The key insight? Those who stopped investing during market downturns missed out on purchasing shares at lower prices, which ultimately hurt their long-term returns. For example, if someone had tried to “time” the market and opted to sell off stock this past April 4th (2025) when the S&P 500, they would have missed the S&P 500 bouncing back on April 9th to 9.5%.

Historical Perspective on Market Recovery

Market volatility is normal, even if it doesn't feel that way in the moment. Since 1950, the S&P 500 has experienced a correction (a decline of 10% or more) approximately once every two years. Yet over the same period, the market has delivered positive returns in about 70% of all years.

More importantly, the market has historically recovered from every downturn. The average time for the S&P 500 to reach new highs after a bear market has been roughly 22 months. For faculty members with decades until retirement, these temporary setbacks represent opportunities rather than obstacles.

Expanding Your Investment Options: Self-Directed Brokerage Accounts

Speaking of opportunities, many university employees may not realize they have access to a powerful tool that can significantly expand their investment choices: self-directed brokerage accounts within their retirement plans.

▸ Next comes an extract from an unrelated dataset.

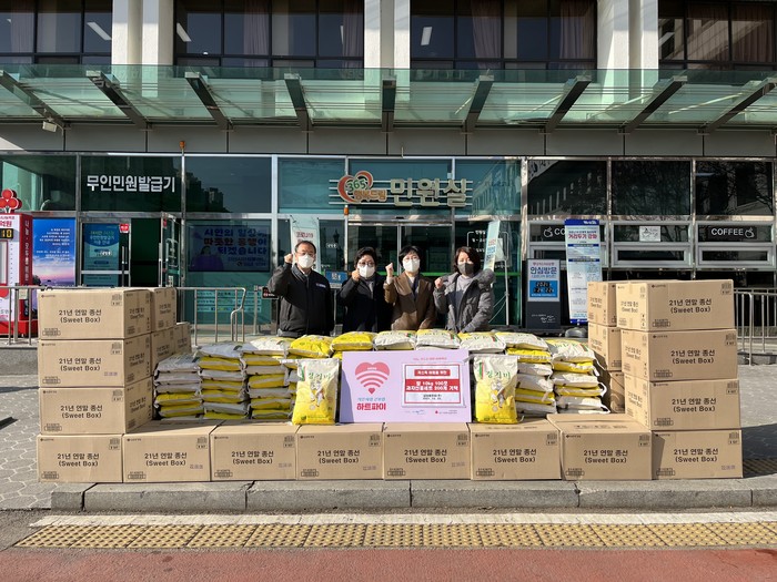 [세계로컬타임즈 김상우 기자] 안산시는 22일 ㈜삼성에프씨(대표 안종호)로부터 사랑의 쌀 10kg 100포와 과자선물세트 200개를 기탁 받았다.

Traditional employer-sponsored retirement plans typically offer a limited menu of mutual funds—perhaps 15 to 25 options. While these core offerings are professionally selected and often sufficient for many investors, a self-directed brokerage account can open up thousands of additional investment options, including:

  • Individual stocks and bonds

  • Exchange-traded funds (ETFs) with lower expense ratios

  • Sector-specific or international funds not available in your plan's standard lineup

  • Real Estate Investment Trusts (REITs)

  • Target-date funds from different fund families

This expanded universe can be particularly valuable for faculty members who have specific investment knowledge or interests related to their academic expertise. For instance, a professor in the School of Marine Sciences might want exposure to clean energy ETFs, while someone in the Business School might prefer to build a diversified portfolio of individual dividend-paying stocks.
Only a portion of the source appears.